The men's 100-metre backstroke event at the 2024 Summer Olympics was held from 28 to 29 July 2024 at Paris La Défense Arena, which was converted to a swimming pool for the swimming events.

Italy's Thomas Ceccon, the US' Ryan Murphy, and Hunter Armstrong, also of the US, were the favourites going into the event. Ceccon ended up winning with at time of 52.00 seconds, ahead of China's Xu Jiayu in second and Murphy in third. His win gave Italy their first gold medal in the event.

The African record was broken twice by South Africa's Pieter Coetze in his semifinal and final, while Hungary's Hubert Kós broke his national record in the heats.

== Background ==
Italy's Thomas Ceccon won the event at the 2022 World Championships with a world record of 51.60, which had not been broken since.

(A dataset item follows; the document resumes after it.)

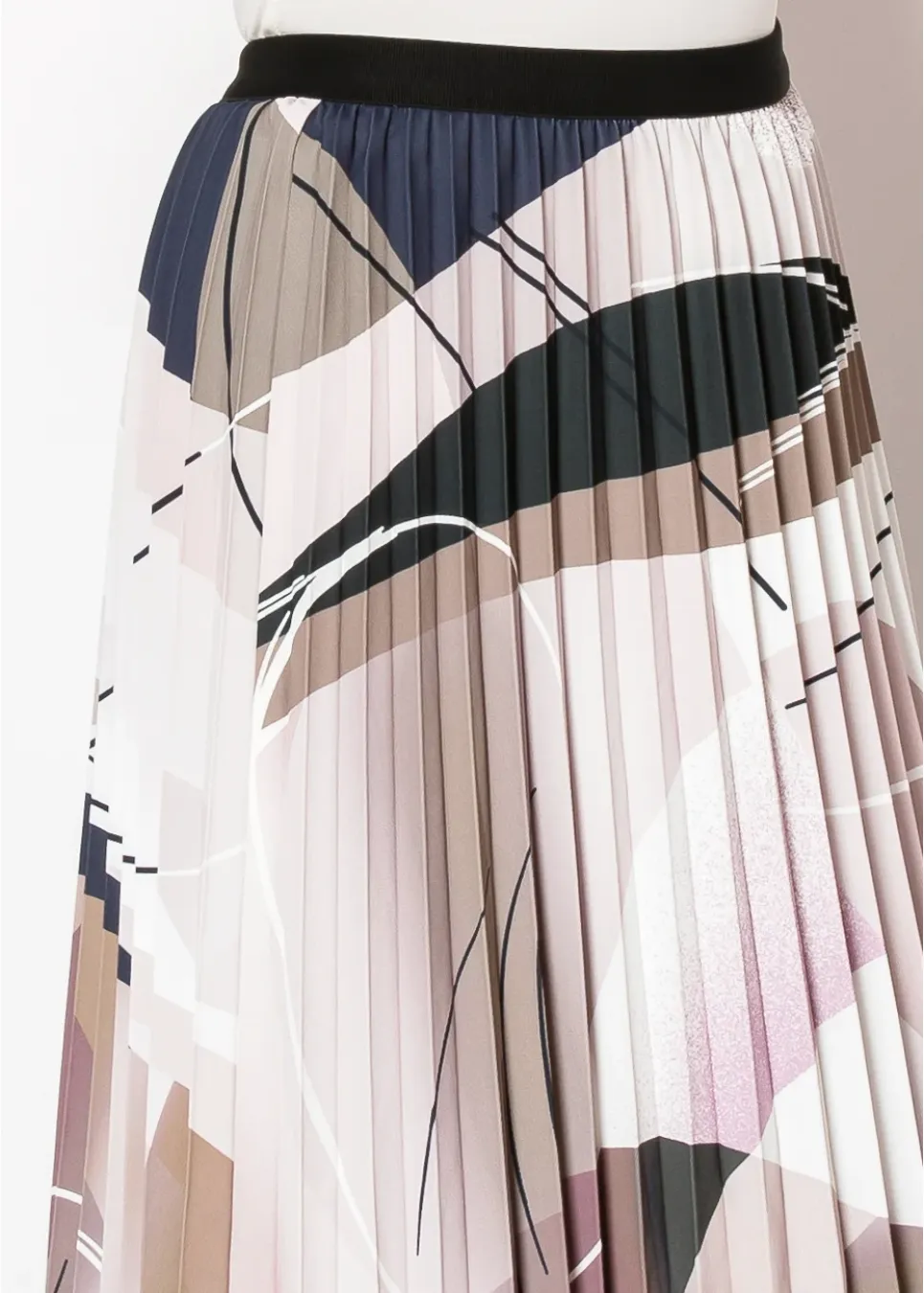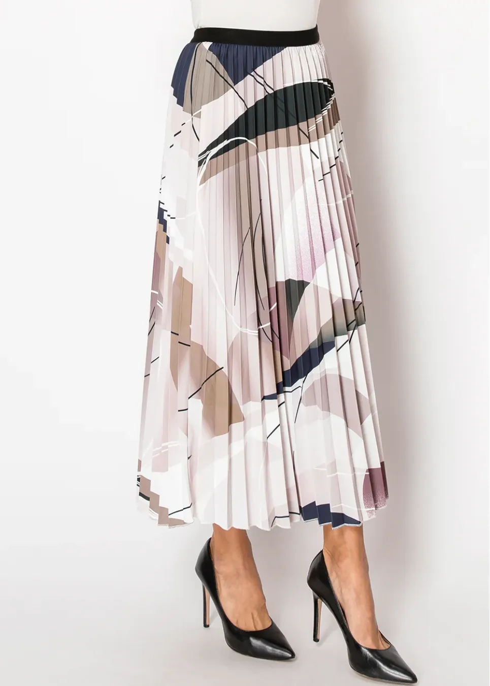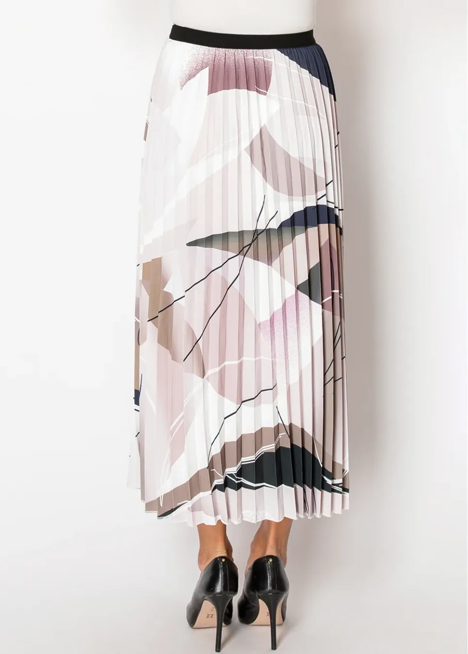 Designed with an artistic flair, this skirt features a beautiful blend of purple shades, beige, and black in an abstract print. The lightweight fabric and pleated texture create an effortlessly chic silhouette. Perfect for pairing with a simple blouse or sweater for an elegant, modest style.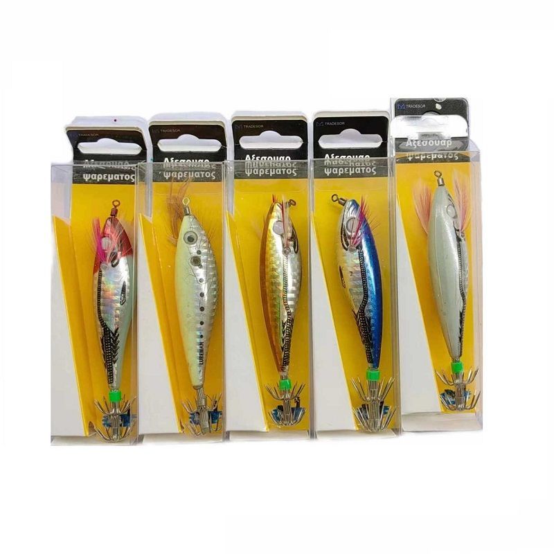Τεχνητά δολώματα ειδικά σχεδιασμένα για το ψάρεμα καλαμαριού, με ρεαλιστική εμφάνιση, έντονα, ελκυστικά χρώματα και φυσική κίνηση στο νερό για μέγιστη αποτελεσματικότητα.

At the 2023 World Championships, the US' Ryan Murphy won gold ahead of Ceccon in second. Hunter Armstrong of the US placed in the top three at the 2022 and 2023 Championships, and won the event at the 2024 Championships in Ceccon and Murphy's absence. (Note: Several top swimmers chose not to attend the 2024 World Championships to focus on their Olympic training regime, and Ceccon withdrew in the lead up to the Championships due to a finger injury.) Other contenders included Xu Jiayu of China, the 2016 Olympic silver medallist and a double world champion; Hugo González of Spain, who swam a personal best of 52.70 at the 2024 Championships; and Apostolos Christou of Greece, who won the 2024 European Championships with a time of 52.23. SwimSwam predicted Ceccon would win the gold, while Swimming World predicted Murphy would win.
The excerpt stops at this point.